Introduction
Nowadays organizations are increasingly adopting Apache Kafka to capture and analyze real-time data streams from sources like IoT devices, website clickstreams, financial systems, and application logs.Many customers use Amazon MSK, a fully managed service for Apache Kafka, to build and run highly available, secure, and scalable applications. However, for unpredictable and unknown workloads, provisioning cluster capacity is a guessing game.
Amazon recently introduced Amazon MSK Serverless; with Amazon MSK Serverless you can run Apache Kafka without managing cluster capacity and Amazon MSK Serverless provisions resources as per the need of On Demand streaming.
What is Apache Kafka?
Apache Kafka is an open-source, high-performance, fault-tolerant, and scalable platform for building real-time streaming data pipelines and applications. Apache Kafka is a streaming data store that decouples applications producing streaming data (producers) into its data store from applications consuming streaming data (consumers) from its data store.
What is Amazon MSK?
Amazon MSK (Amazon Managed Streaming for Apache Kafka) makes it easy to ingest and process streaming data in real-time with fully managed Apache Kafka.
Amazon MSK manages Apache Kafka infrastructure and operations, making it easy for developers and DevOps managers to run Apache Kafka applications and Kafka Connect connectors on AWS, without the need to become experts in operating Apache Kafka.
For the Amazon MSK case, however, for unpredictable, unknown workload provisioning cluster capacity is a guessing game and you need to adjust manually.
Amazon MSK Console → Clusters → Create Cluster → Cluster Type: Provisioned
Cluster type “Provisioned” means you’re required to manage broker instances, EBS storage volume sizes, etc. according to your workload. This requires a much deeper understanding of how your application performs.
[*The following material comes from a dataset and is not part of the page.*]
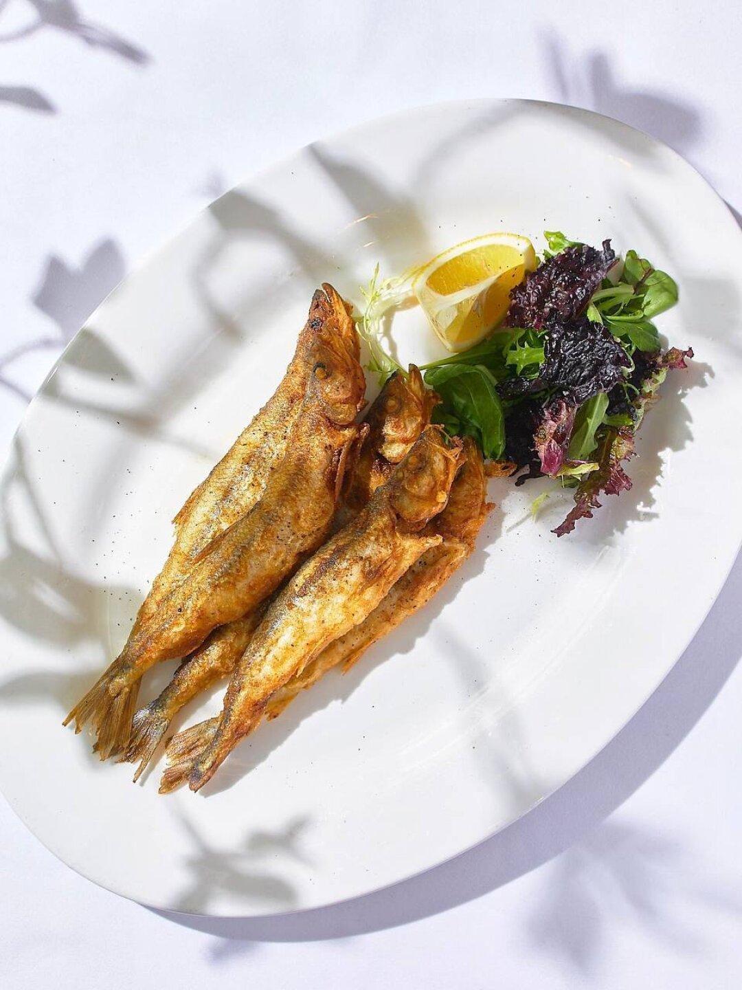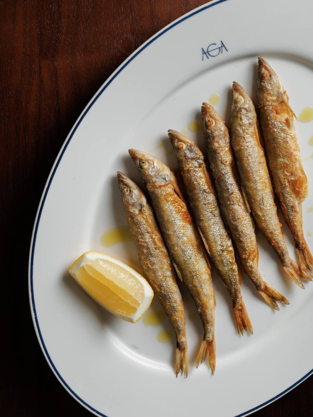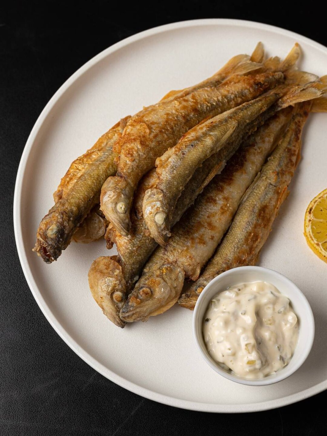 Подход к корюшке в AGA — качественный продукт и мастерство исполнения. Только золотистая корочка и долька лимона.

Downsides of “Provisioned” like other AWS services, over-provisioning or provisioning for the worst-case scenario is common without elegant scale-down events as traffic slows. Meaning you’re paying a lot more than an option where it scales to match traffic in real-time or almost real-time.
What is Amazon MSK Serverless?
Amazon MSK Serverless is a cluster type for Amazon MSK that makes it easy for you to run Apache Kafka without having to manage and scale cluster capacity. MSK Serverless automatically provisions and scales compute and storage resources, so you can use Apache Kafka on demand and pay for the data you stream and retain.
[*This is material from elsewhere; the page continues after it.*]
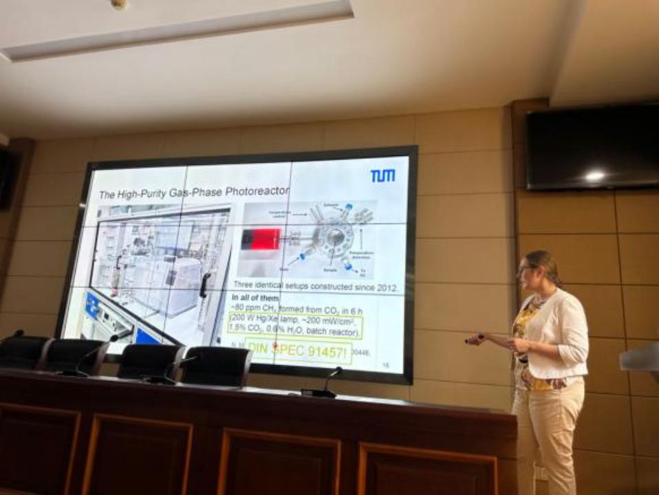 报告第二部分详细地介绍光催化还原二氧化碳。Jennifer Strunk教授利用高纯度气相光反应器和红外光谱技术,揭示了TiO2 P25在反应过程中的许多机理细节。主要产物CH4只能通过涉及C2中间体(如乙酸或乙醛)的途径形成,而C1机制只能导致CO形成。光强烈影响二氧化碳的吸附,这可能是第一个基本步骤。尽管含碳产物的形成明显来自二氧化碳,但氧气不会逸出,而是储存在TiO2体中。用放氧共催化剂改性TiO2,可以得到能够在气固系统中整体分解水的光催化剂,但不会形成含碳产物。令人惊讶的是,从二氧化碳到甲烷的反应途径不是后续的还原事件链,还涉及光生空穴,因此这两个半反应在TiO2上是不可分割的。解吸限制可能是产物量有限的另一个原因。总之,需要新的材料组合(如Z方案)来正确分离半反应。此外,她建议进行光热联合催化反应,而不是室温下的纯光催化反应。对于后者,使用工业型Cu/ZnO/Al2O3催化剂取得了有希望的结果。报告结束后,Jennifer Strunk教授同在座师生就光催化反应中存在的问题和挑战进行了讨论和交谈。

Amazon MSK Console → Clusters → Create Cluster → Cluster Type: Serverless
Cluster type of “Serverless” means you’re not required to manage broker instances, EBS storage volume sizes, etc. Amazon MSK Serverless will auto-scale on demand behind the scenes. Amazing!
Comparison Between Amazon MSK And Amazon MSK Serverless
Conclusion
Amazon MSK is a nice service to handle the use cases of capturing and analyzing real-time data streams from sources like IoT devices, Website click streams, Financial systems, and application logs.
However, for unpredictable, unknown workloads provisioning MSK cluster capacity is a guessing game. Amazon Recently Introduced Amazon MSK Serverless, with MSK Serverless you can run apache Kafka without managing cluster capacity, and MSK Serverless provisions resources as per the need of OnDemand streaming.
OPINION: Since Amazon MSK Serverless is still relatively new we don’t have enough data to confirm that it’s worth the switch for all use-cases, however, if approaching anything Kafka related on AWS we would recommend you trial Amazon MSK Serverless for yourself to see if your use-case fits in despite some lack of feature parity with the non-serverless option.